SUPPLIED INFORMATION:
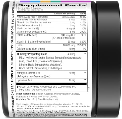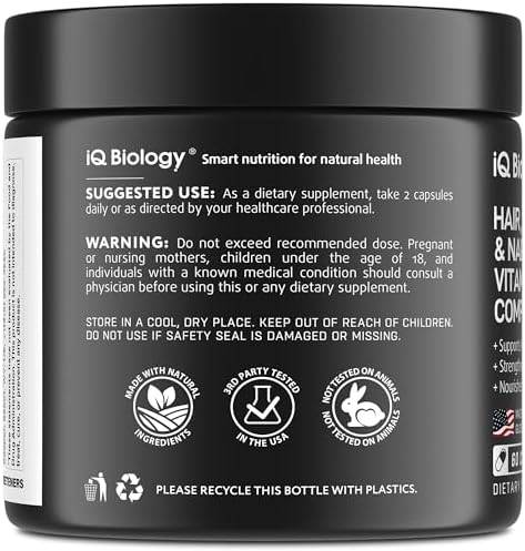 Hair Loss & Thickness Support – Each capsule provides Biotin 5000mcg with Collagen and Keratin to strengthen and thicken hair from the inside out (biotina y colageno in Spanish). Unlike topical products, Biotin pills work from within and, when combined with external care, help reduce breakage and thinning for visibly stronger hair. Trust IQ BIOLOGY womens hair vitamins and men’s Biotin formula to deliver essential nutrients.
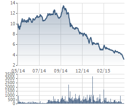 Trong nửa năm trở lại đây, tức từ tháng 10/2014 – sau biến cố ông Hà Văn Thắm – Chủ tịch HĐQT của Tập đoàn Đại Dương (mã: OGC) bị bắt giữ, giá cổ phiếu này đã không ngừng đi xuống. Đóng cửa phiên giao dịch ngày 07/05, OGC chỉ còn giá 3.200 đồng và nhà đầu tư chỉ còn biết chờ đợi xem cổ phiếu có thể rơi đến mức giá nào.
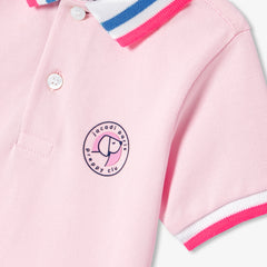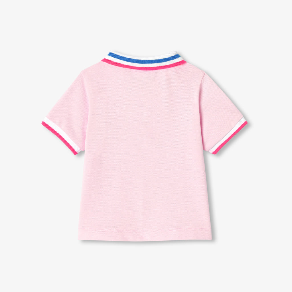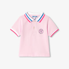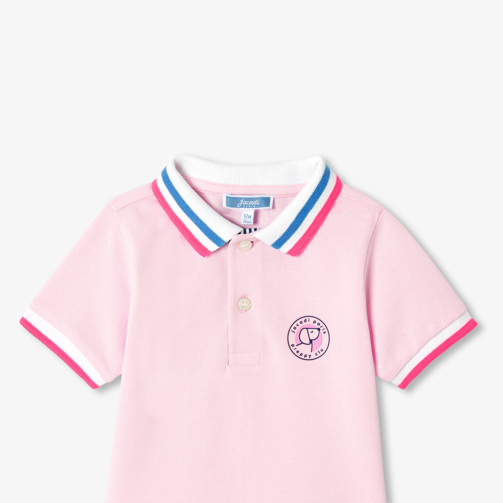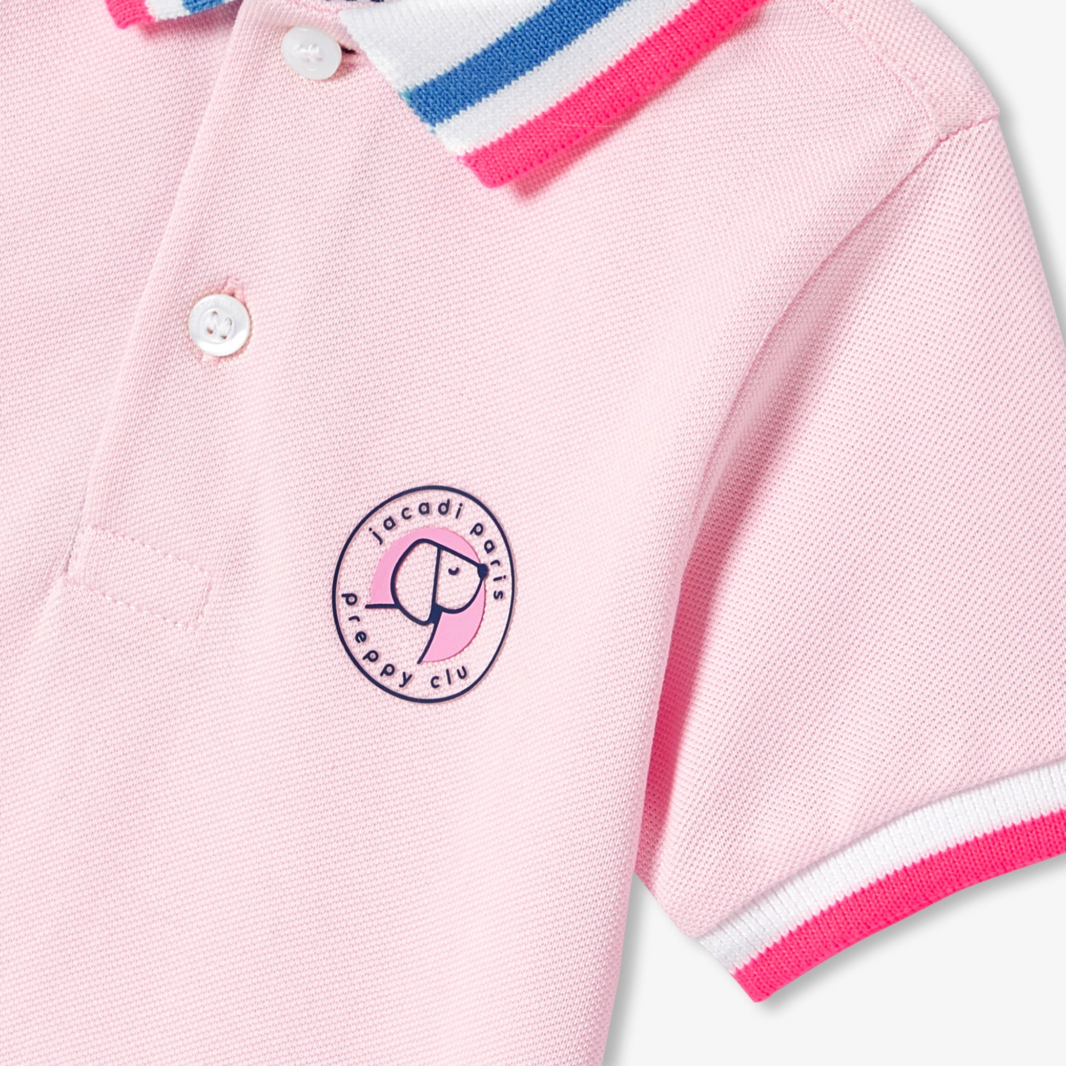 ジャカディ定番のポロシャツが、プレッピーでシック、モダンなデザインで登場。ストライプ柄の襟と、胸元にあしらった犬の顔のバッジ風プリントがポイント。カレッジスタイル風のデザインは、小さな犬の刺しゅう入りツイルショートパンツともよく合います。
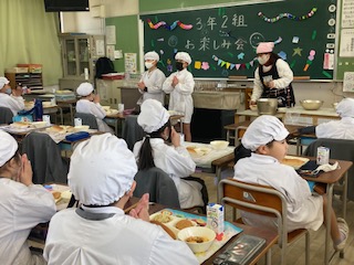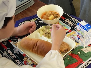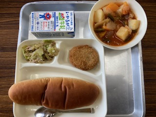 今日の給食のメニューは、チキンレバーカツ、ケチャップ煮、ツナとキャベツのバジルソテー、牛乳、パンでした。今日で令和6年度の給食が終わりました。調理員さんたちも一年間ありがとうございました。特に気温が高い真夏日や冬の寒さが厳しい日は大変だったと思います。おかげで給食を楽しみにしている子どもたちでいっぱいです。保護者の皆さまも子どもたちの栄養指導や食育にご協力いただきありがとうございました。引き続き、令和7年度も安全でおいしい給食を提供していきますので、よろしくお願いします。

EXERCISE: Your reply should contain only an exact copy of the lines from the beginning of the material through the line with "ジャカディ定番のポロシャツが", both ends included, with the pictures removed.

RESULT:
 Hair Loss & Thickness Support – Each capsule provides Biotin 5000mcg with Collagen and Keratin to strengthen and thicken hair from the inside out (biotina y colageno in Spanish). Unlike topical products, Biotin pills work from within and, when combined with external care, help reduce breakage and thinning for visibly stronger hair. Trust IQ BIOLOGY womens hair vitamins and men’s Biotin formula to deliver essential nutrients.
 Trong nửa năm trở lại đây, tức từ tháng 10/2014 – sau biến cố ông Hà Văn Thắm – Chủ tịch HĐQT của Tập đoàn Đại Dương (mã: OGC) bị bắt giữ, giá cổ phiếu này đã không ngừng đi xuống. Đóng cửa phiên giao dịch ngày 07/05, OGC chỉ còn giá 3.200 đồng và nhà đầu tư chỉ còn biết chờ đợi xem cổ phiếu có thể rơi đến mức giá nào.
 ジャカディ定番のポロシャツが、プレッピーでシック、モダンなデザインで登場。ストライプ柄の襟と、胸元にあしらった犬の顔のバッジ風プリントがポイント。カレッジスタイル風のデザインは、小さな犬の刺しゅう入りツイルショートパンツともよく合います。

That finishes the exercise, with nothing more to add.